While there has been significant progress by "looking" — recognizing objects based on glimpses of their visual appearance or 3D shape — objects in the world are often modeled as silent and untouchable entities. — §1, Introduction / p.2

Surprisingly, the audio classifier achieves the best results. This confirms that our audio simulation pipeline well models the shape, size, and material property of the object instance. — §4.1, Multisensory Instance Recognition / p.6

Papers cited that should likely be ingested next:

[23] Ren, Yeh & Lin 2013 — Example-guided physically based modal sound synthesis (TOG) — the modal-analysis backbone of AudioNet.
[25] Wang et al. 2020 — TACTO — the vision-based touch simulator TouchNet is built on. forward ref → tacto_tactile_simulator.
[24] Lambeta et al. 2020 — DIGIT — the simulated tactile sensor. forward ref → digit_low_cost_compact_tactile_sensor.
[49] Yuan, Dong & Adelson 2017 — GelSight — the alternative high-res tactile sensor. forward ref → gelsight_high_resolution_tactile_sensors.
[41] Lee et al. 2019 — Making Sense of Vision and Touch — self-supervised multimodal representations for contact-rich tasks. forward ref → making_sense_of_vision_and_touch.
[21] Chen et al. 2020 — SoundSpaces — audio-visual navigation; the 2.0 successor is in this batch. forward ref → soundspaces_2_visual_acoustic.
[26] Mildenhall et al. 2020 — NeRF and [27] Guo et al. 2020 — Object-Centric Neural Scene Rendering — the implicit-vision backbone.

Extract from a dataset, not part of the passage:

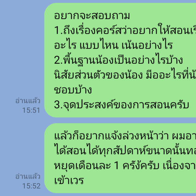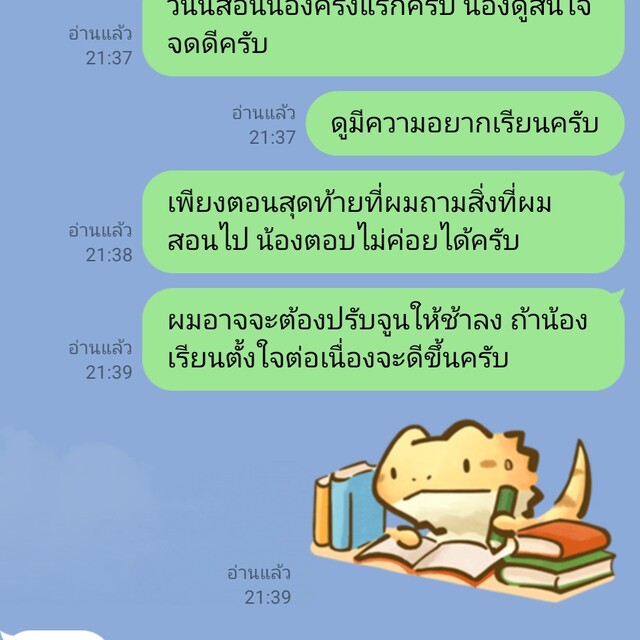 อยากให้สอนแบบสบายๆหรือดุจริงจังได้หมดตามที่ผู้ปกครองต้องการ จะมีการประเมินน้องและคุยกับผู้ปกครองทุกครั้งหลังการสอนเสร็จ

Newly ingested in the 2026-06-24 batch — directly relevant:

ObjectFolder 2.0 — the direct follow-up: scales the dataset and pushes sim-to-real transfer of the multisensory simulations.
ObjectFolder Benchmark — extends the line to real-object multisensory data and standardized benchmark tasks; pairs with this paper's neural Object Files.
Touch and Go — human-collected paired vision-touch in the wild; the real-data counterpart to ObjectFolder's simulated touch.
TACTO and Taxim — the tactile simulators underpinning / competing with ObjectFolder's TouchNet pipeline.
SoundSpaces 2.0 — the acoustic-simulation sibling for audio-visual scenes; complementary modality-simulation infrastructure.
SonicSense and See, Hear, and Feel — downstream multisensory (audio/contact) manipulation work that consumes the kind of cross-modal signal ObjectFolder argues is learnable.